Refit the tensioner onto the stud, fit the washers and spacers, fit the locking bolt (this is the one with the groove for the spring), to refit the tension spring, use a large screwdriver with a notch in the blade to lever it back into position
Now slip the new belt over the crankshaft sprocket, then past the auxiliary shaft. The timing mark on the auxiliary shaft gear, should be at approx. 1:00 or so. If it's not, then it can just
be turned to that position. It needs to be aligned so that the fuel pump cam at the end of the auxiliary shaft can’t hit the con rod of number two, which will cause damage. This is true of
all DOHC engines with the fuel pump lobe on the aux. shaft.

Next, slip the belt around the tensioner and up and around the exhaust cam gear.
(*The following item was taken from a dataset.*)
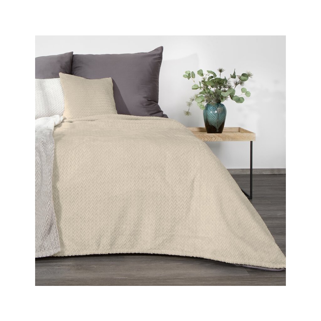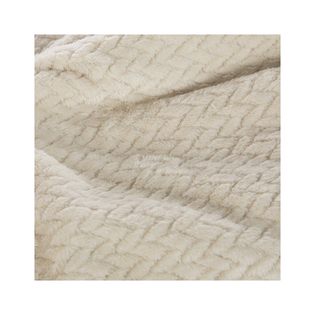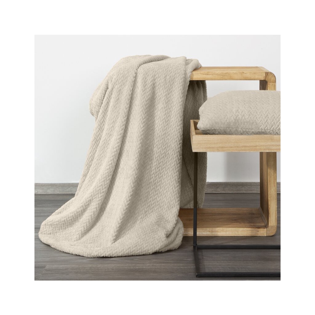 Klasická deka z príjemného vlákna v technológii mikroflano. Jednofarebná, nadýchaná štruktúra je zdobená minimalistickým reliéfnym vzorom v tvare rybej kosti.

The next step is to slip the belt over the intake cam gear. The teeth may line straight up, they may not, so, if needed, rotate the cam gear slightly with a 19mm wrench to allow the
belt to slip on.

Now that the belt's back in place, the real fun begins.

NOTE: The slack in the belt needs to end up on the tensioner side of the motor, or else when the motor is turned the cam/crank phase can be end up being out.
Loosen the tensioner nut again and the tensioner will spring across to the intake side of the motor. Using a large flat blade screwdriver between the water pump and the back of
the tensioner, assist the tensioner to move, (THEN REMOVE THE SCREWDRIVER AND PLACE IT ON THE GROUND), return to tighten the tensioner 17mm nut. This simply
makes sure the tensioner has moved fully.

Now it's time to slowly turn the engine BY HAND with the 38mm (1.5") socket on the crankshaft.

Turn the engine one full revolution by hand, and REPEAT the previous step to ensure the slack is evenly out of the belt. Rotate the engine fully again by hand and REPEAT tension
procedure again. This takes the slack out of the belt evenly.

Now check that everything is still in phase, you can slip the cover into place to check crank position, the cam gears should line up pretty exactly. If everything is aligned, the job is almost
done. If you think the cam gears are out of phase, then you must repeat the procedure from the beginning and make sure the slack is to the tensioner side of the engine

Tighten the 13mm tensioner hold down bolt,

Reinstall the cover and radiator hose "t" piece (if removed)

Stand back and start the motor. On 1608, 1592, 1756, and 1995cc engines, the ignition timing might need to be checked as the exhaust cam and auxiliary shaft. gears won't necessarily be in the exact same place where they were before.